§ **DATASET CONTENT**:

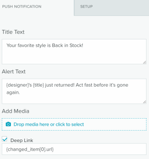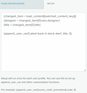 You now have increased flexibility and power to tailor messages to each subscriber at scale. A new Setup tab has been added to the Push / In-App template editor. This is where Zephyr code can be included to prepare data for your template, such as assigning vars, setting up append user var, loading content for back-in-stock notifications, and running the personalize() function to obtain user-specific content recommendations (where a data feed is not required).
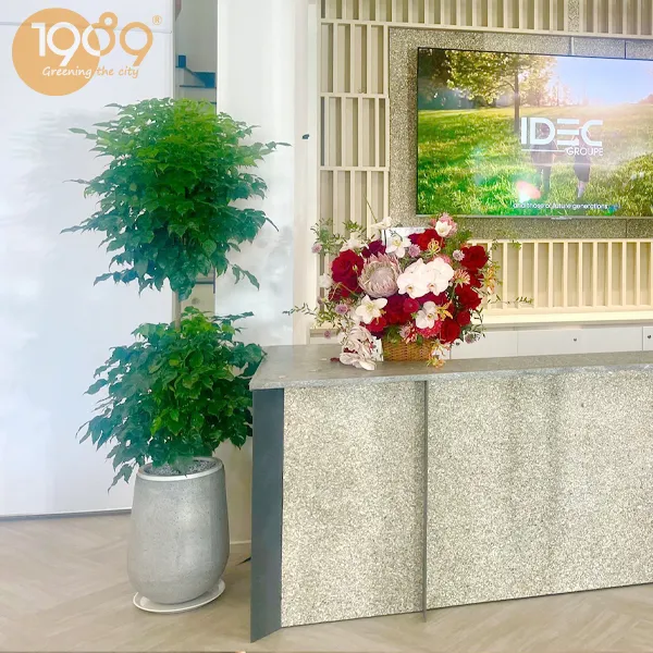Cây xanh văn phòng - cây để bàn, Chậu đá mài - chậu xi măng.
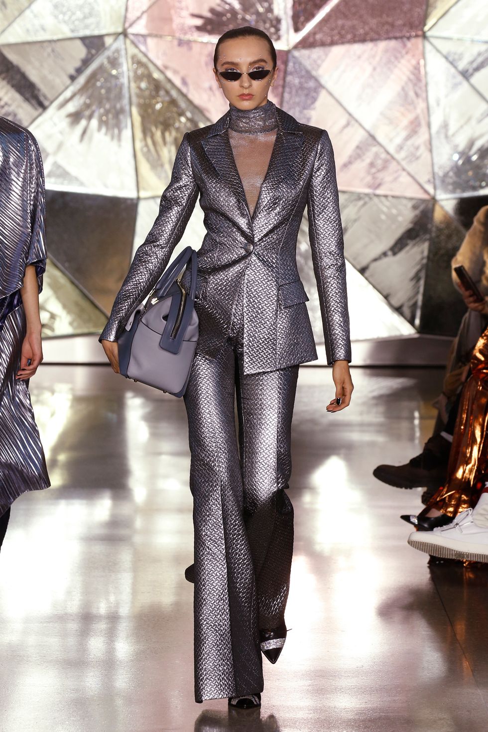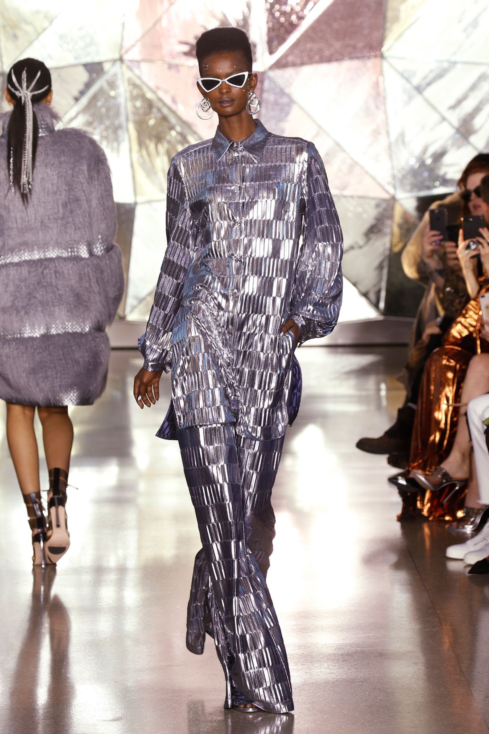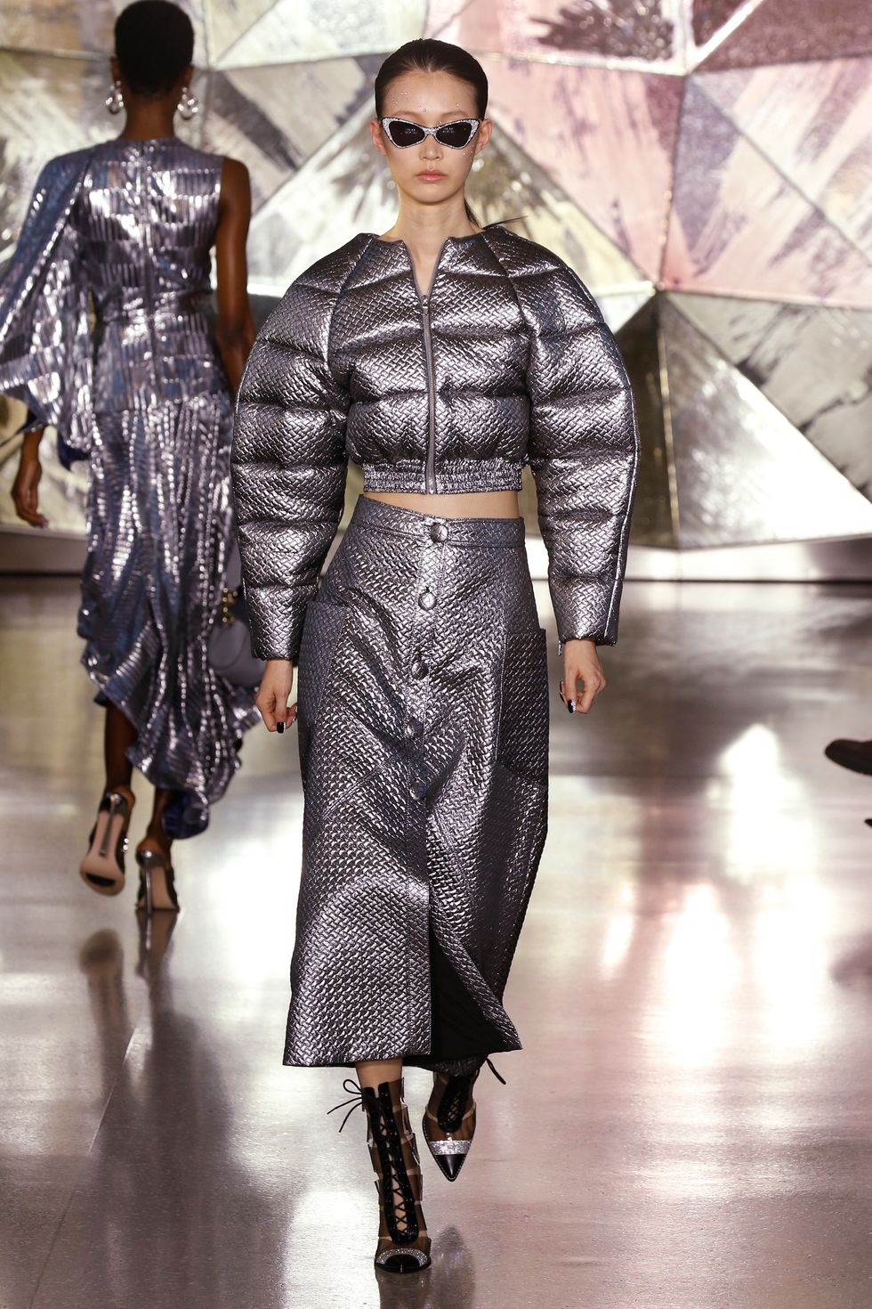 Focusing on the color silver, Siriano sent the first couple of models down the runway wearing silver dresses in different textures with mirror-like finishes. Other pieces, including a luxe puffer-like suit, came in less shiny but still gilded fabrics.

§ **ACTION ITEM**: Please return the material above unchanged, with every picture removed.

§ **TASK RESPONSE**:
 You now have increased flexibility and power to tailor messages to each subscriber at scale. A new Setup tab has been added to the Push / In-App template editor. This is where Zephyr code can be included to prepare data for your template, such as assigning vars, setting up append user var, loading content for back-in-stock notifications, and running the personalize() function to obtain user-specific content recommendations (where a data feed is not required).
Cây xanh văn phòng - cây để bàn, Chậu đá mài - chậu xi măng.
 Focusing on the color silver, Siriano sent the first couple of models down the runway wearing silver dresses in different textures with mirror-like finishes. Other pieces, including a luxe puffer-like suit, came in less shiny but still gilded fabrics.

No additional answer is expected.